● EXERCISE DESCRIPTION:
The required answer is the run of lines from the one holding "About This This" to the end of the data below, copied exactly and free of pictures.

== GIVEN DATA

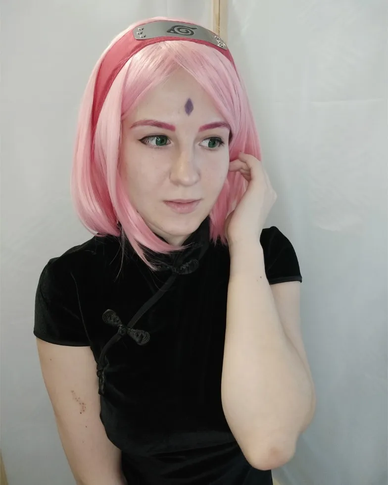 Аниме Харуно Сакура короткие розовые волосы с повязкой на голову термостойкие косплей костюм парики + парик Кепка
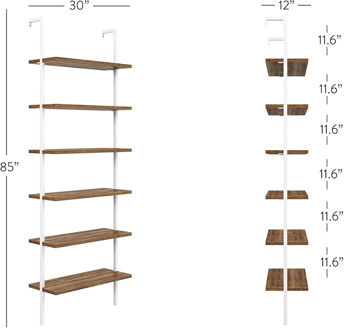 About This This 6-tier tall, modern wall mount bookcase or shelving dresses up any space with its industrial style of...
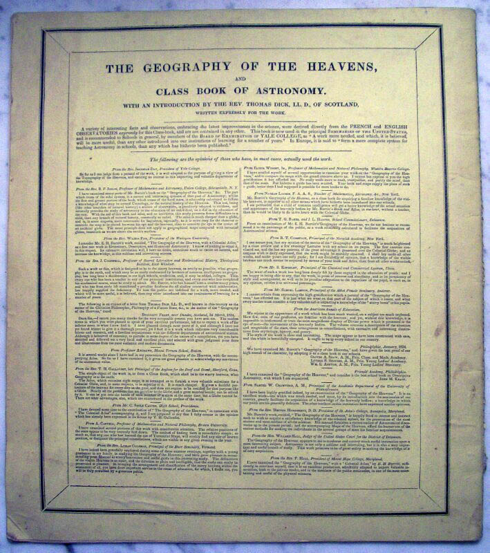 1835 edition of atlas intended to accompany "Burritt's Geography of the Heavens". This is the third edition of Burrit's atlas. This atlas is in very fine condition.

====

● WRITTEN SOLUTION:
 About This This 6-tier tall, modern wall mount bookcase or shelving dresses up any space with its industrial style of...
 1835 edition of atlas intended to accompany "Burritt's Geography of the Heavens". This is the third edition of Burrit's atlas. This atlas is in very fine condition.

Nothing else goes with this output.